Commissioners seemed to believe the broadcast review “is already complicated enough,” without adding issues, an FCC staffer said, adding that there wasn’t “a lot of enthusiasm” for linking broadcast and cable caps. Apart from 8th-floor skepticism to his earlier plan, Martin may hesitate to raise a new cable proposal because he wants to focus first on promoting video competition by new telco entrants including AT&T and Verizon, another FCC official said. Possibility: Martin will try to define IPTV as an information service before trying to revise the cable cap. Not so, said the first FCC official, discounting the link between defining IPTV and cable caps. Martin could act on cable rules regardless of what happens with IPTV, that official said. AT&T has said its U-verse IPTV service need not be regulated like cable because it’s a different service. NCTA has disagreed and said IPTV should be subject to Title 6 cable rules.

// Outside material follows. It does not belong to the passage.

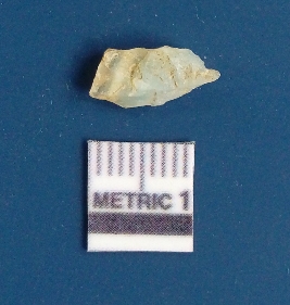 | Description / विवरण | It is chalcedony flake, translucent in appearance. The piece shows sharp pointed ends and flake scars on the surface as a result of flaking. The piece shows a bulb of percussion. |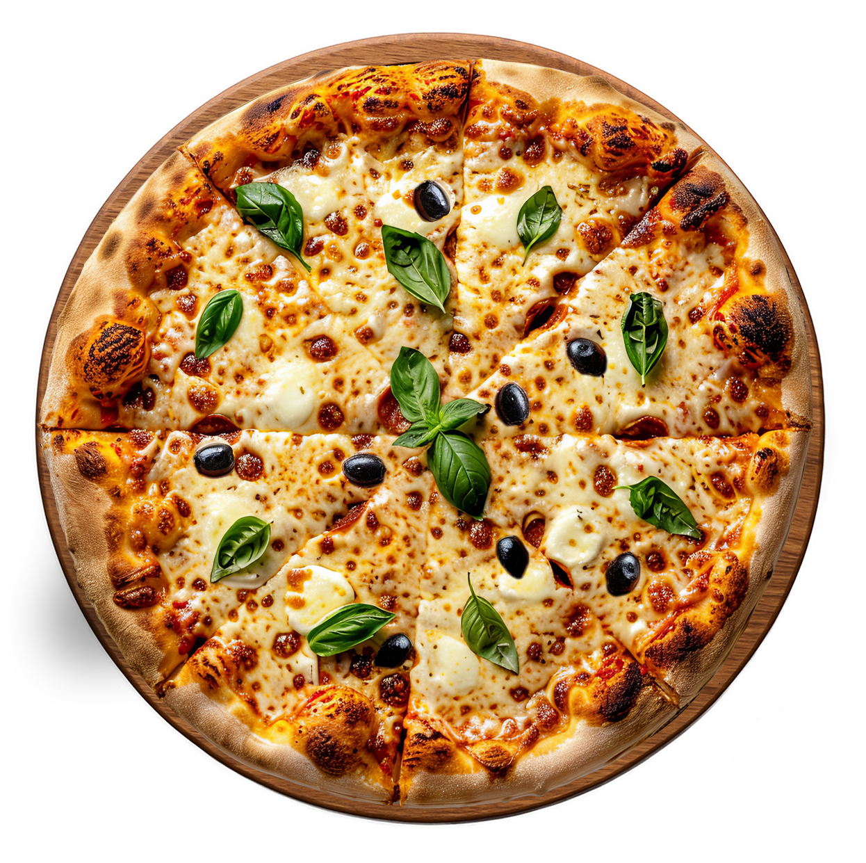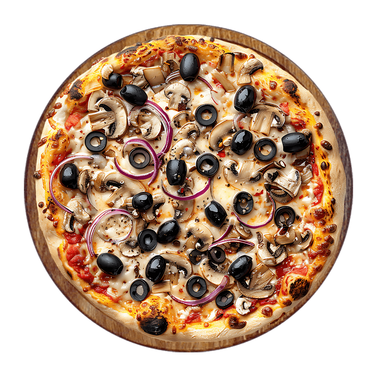Sauce tomate basilic, mozzarella, oignons, champignons, tomates fraîche, olives.

Another reason Martin may not act soon on cable caps is lack of priority -- for him or industry, Commission sources said. The chairman “doesn’t appear to be very concerned about it,” said an FCC official. Industry sources said cable frets about other issues, like VoIP interconnection rules and set-top box integration ban waivers, a slew of which the agency acted on Wed. (see separate story). Recent months have seen Martin grilled on cable caps at several investor conferences, the most recent on Wed., hours before the cable set-top box integration ban waivers were issued (CD Jan 11 p1).
Despite FCC inertia, cable ownership isn’t dead at the Commission, said agency officials. Martin’s failure to link cable and broadcast limits may make it easier to act first on caps, an official said: “It’s likely if they're not linked you'd see the cable item move first. But as for a specific time for that, I don’t know.” A reworked cap could retain the remanded limit of 30% of U.S. homes passed by cable one company can serve, said industry sources. NCTA hasn’t voiced a position on cable caps because there’s no proceeding.
Comcast is the only cable operator in line to benefit from clarity on caps, communications lawyers and analysts said. The company is near the remanded 30% line. Comcast owned or had an “attributed” interest in cable systems serving 28.1% of all pay-TV subscribers as of June 30, it told the FCC last year. That portion may have slipped slightly because of the dissolution of some cable partnerships, said an industry source. “Comcast is obviously the one… It really doesn’t affect too many people,” said Janco analyst Matthew Harrigan. Time Warner Cable and other large operators would be affected only if they made large acquisitions, he said: “Unless you really had a lowering of the threshold, which I don’t think will happen, I don’t think it’s that big a deal for anybody.”